A study of a 21-gene test carried out on tumour tissue removed from women with certain types of breast cancer found that it can accurately predict those who will do well with hormone treatment, without the need for chemotherapy.

The test, called Oncotype DX (Genomic Health Inc), measures the expression of 21 genes in paraffin-embedded sections of tumour, and provides the result as a risk of recurrence of breast cancer on a scale from 1 to 100, 1 being the lowest risk. It has been ‘sold as a service’ from the manufacturer’s US accredited laboratory for some years. The test was recommended by the National Institute for Health and Care Excellence (NICE) in September 2013 (after confidential agreement about provision to NHS organisations) to help make decisions about chemotherapy for breast cancer. The recommendation was largely based on retrospective studies comparing clinical outcomes with tests on stored tumours.
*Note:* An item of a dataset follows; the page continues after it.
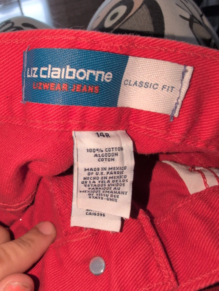 Selling a pair of Liz Claiborne Lizwear Jeans in a vibrant red! These are a classic fit and size 14R. They're made of 100% cotton for a comfy feel.
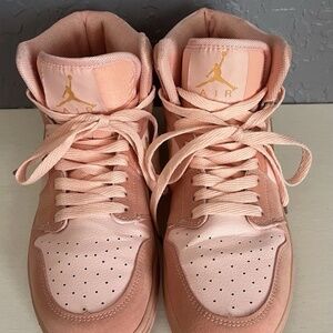 Nike Air Jordan 1 Mid Coral Gold Sneakers Mens 6.5 Womens 8.5 Stardust Pink 2016

NICE commented that retrospective studies are associated with increased bias compared with prospective randomised controlled trials.

The first results of an ongoing large multicentre prospective trial of Oncotype DX were published in the New England Journal of Medicine on 19 November 2015. The study involves 10,253 women aged 18 to 75 with early breast cancer whose tumours were hormone receptor positive (likely to respond to hormone treatment) and HER-2 negative (so unlikely to be aggressive) and who had no spread of tumour to glands in the armpit. All patients had tumours that were large or high grade under the microscope or both, and so met established guidelines for chemotherapy.

The women were divided into three groups based on their 21-gene test scores. Those with low predicted risk of recurrence scores of 1 to 10 were assigned to hormone treatment only, those with intermediate values of 11 to 25 were randomly assigned hormone treatment plus chemotherapy or hormone treatment only, and those with high risk values over 25 were assigned both treatments. The research is funded by the US National Cancer Institute and others.

The early New England Journal of Medicine report is limited to 1,626 women, 16% of the total, who were predicted to be at low risk and received only endocrine treatment. After five years 98.7% were free from recurrence of breast cancer and 99.3% were free from recurrence of breast cancer at a distant site (metastatic disease). Lead author Professor Joseph A. Sparano commented that the findings provide the highest level of evidence supporting expert-derived clinical practice guidelines which have recommended Oncotype DX in patients with early stage hormone receptor-positive breast cancer.

The results of the prospective randomised controlled trial in the intermediate group of women will be of the greatest clinical importance and are awaited with interest. As mandated by the study protocol, the data safety monitoring board of the trial continues to monitor outcomes in these patients.